### [Extracted information]
.....

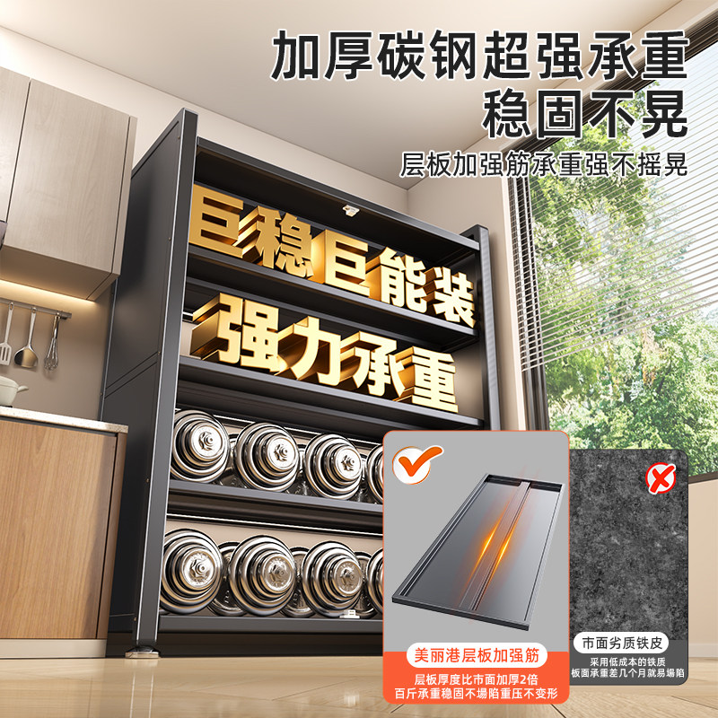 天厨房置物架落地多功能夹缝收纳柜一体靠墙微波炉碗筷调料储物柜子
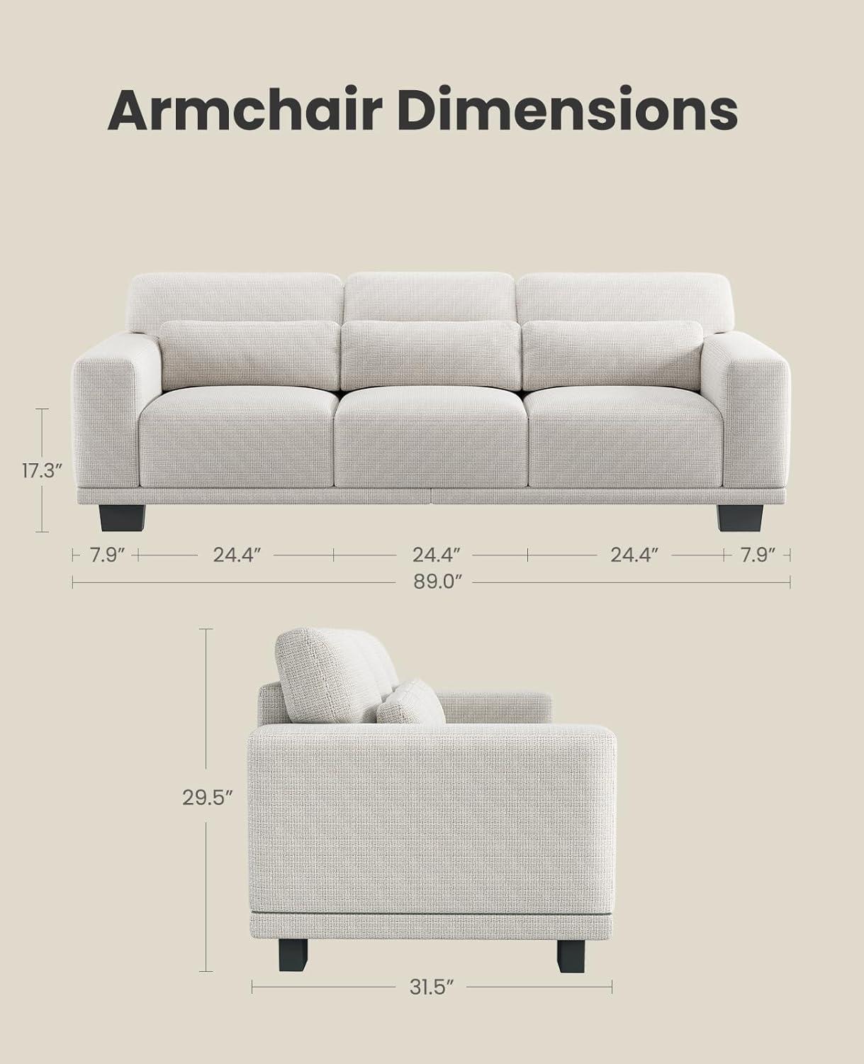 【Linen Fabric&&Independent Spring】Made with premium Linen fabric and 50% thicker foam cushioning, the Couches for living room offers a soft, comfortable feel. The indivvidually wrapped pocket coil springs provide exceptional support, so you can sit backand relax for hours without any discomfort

.....

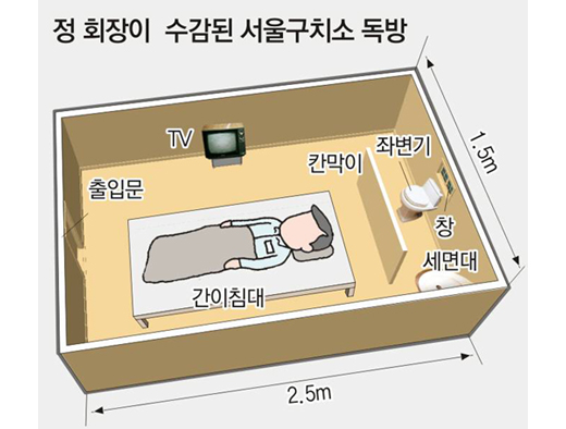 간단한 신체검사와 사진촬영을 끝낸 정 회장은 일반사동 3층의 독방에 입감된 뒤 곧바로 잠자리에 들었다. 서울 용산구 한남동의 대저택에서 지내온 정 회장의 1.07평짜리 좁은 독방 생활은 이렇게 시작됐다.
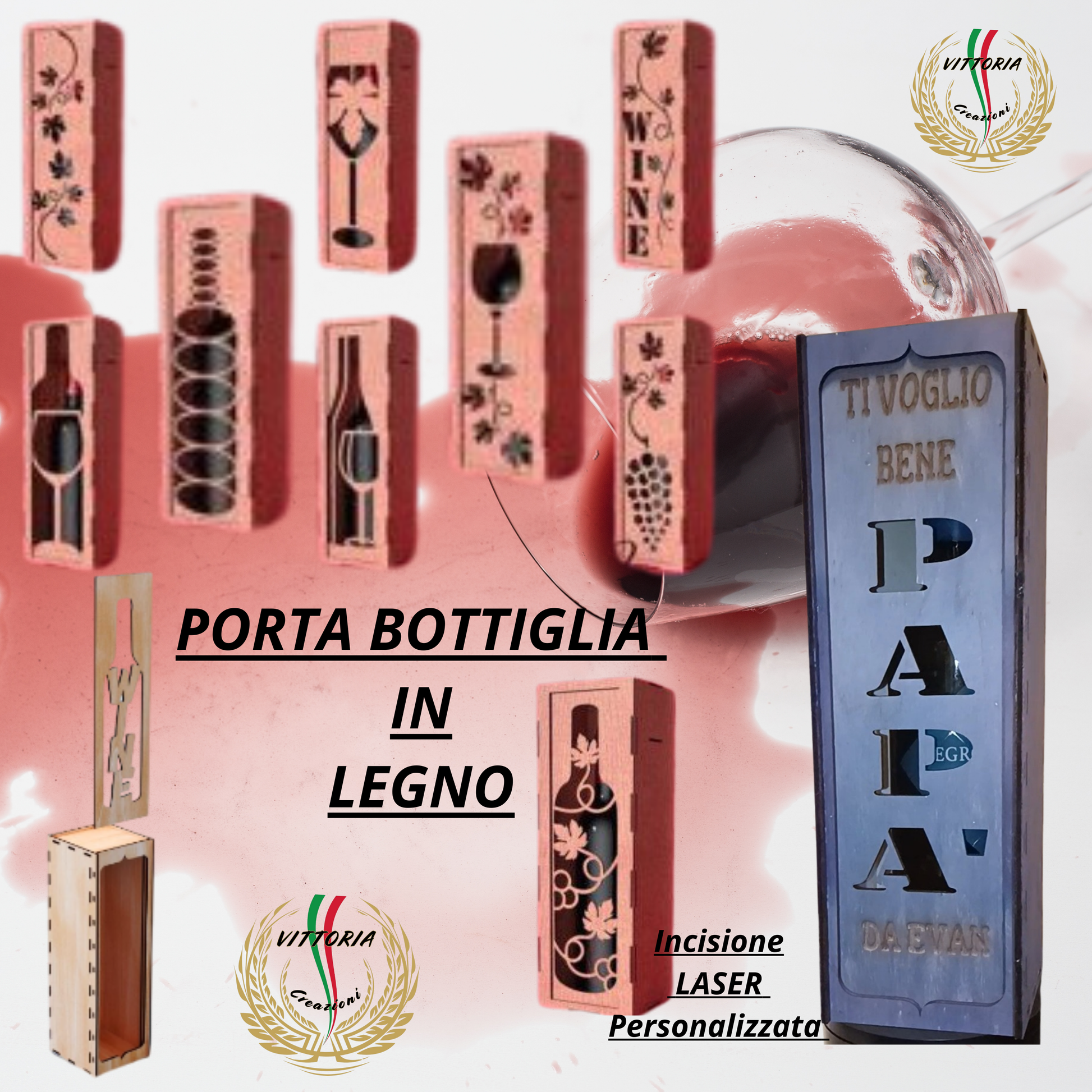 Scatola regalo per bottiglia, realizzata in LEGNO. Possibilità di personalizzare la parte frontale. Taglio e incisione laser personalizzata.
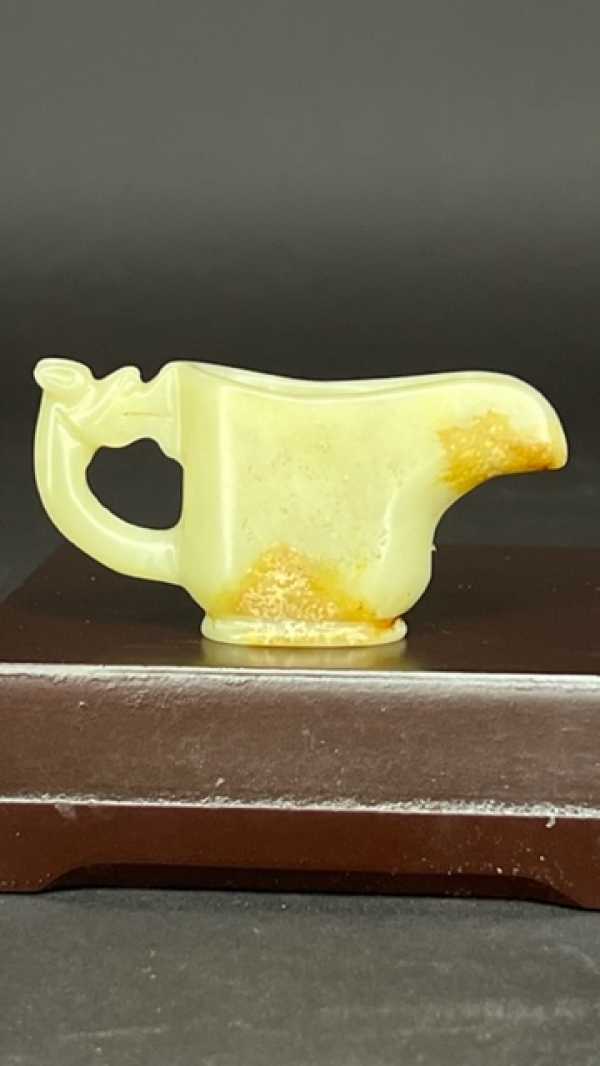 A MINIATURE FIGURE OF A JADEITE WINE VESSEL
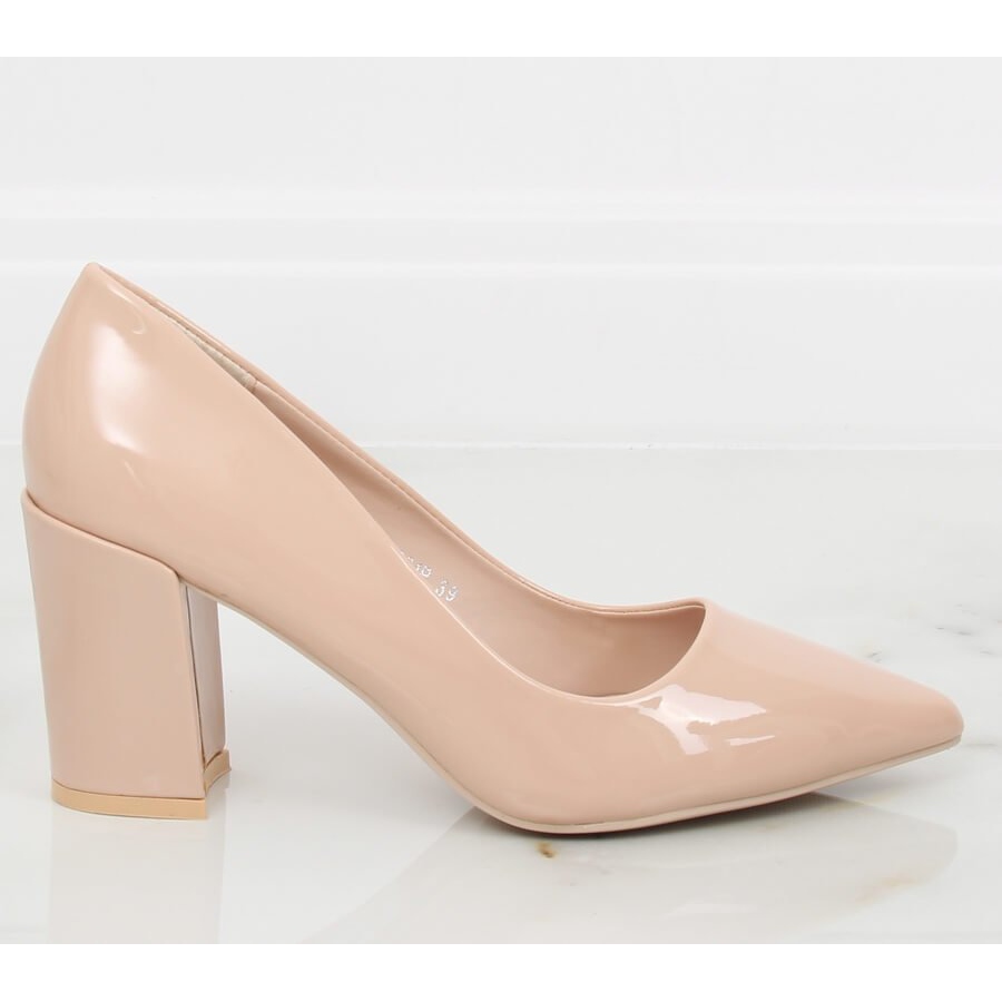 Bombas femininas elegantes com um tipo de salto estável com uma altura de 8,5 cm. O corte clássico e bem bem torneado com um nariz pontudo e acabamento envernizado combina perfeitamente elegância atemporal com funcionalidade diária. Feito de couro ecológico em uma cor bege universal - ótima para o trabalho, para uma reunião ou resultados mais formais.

.....

Among the records above, locate the line containing "간단한 신체검사와 사진촬영을" and the line containing "Bombas femininas elegantes", then transcribe exactly the lines starting at the first and ending at the second, with no pictures.

 간단한 신체검사와 사진촬영을 끝낸 정 회장은 일반사동 3층의 독방에 입감된 뒤 곧바로 잠자리에 들었다. 서울 용산구 한남동의 대저택에서 지내온 정 회장의 1.07평짜리 좁은 독방 생활은 이렇게 시작됐다.
 Scatola regalo per bottiglia, realizzata in LEGNO. Possibilità di personalizzare la parte frontale. Taglio e incisione laser personalizzata.
 A MINIATURE FIGURE OF A JADEITE WINE VESSEL
 Bombas femininas elegantes com um tipo de salto estável com uma altura de 8,5 cm. O corte clássico e bem bem torneado com um nariz pontudo e acabamento envernizado combina perfeitamente elegância atemporal com funcionalidade diária. Feito de couro ecológico em uma cor bege universal - ótima para o trabalho, para uma reunião ou resultados mais formais.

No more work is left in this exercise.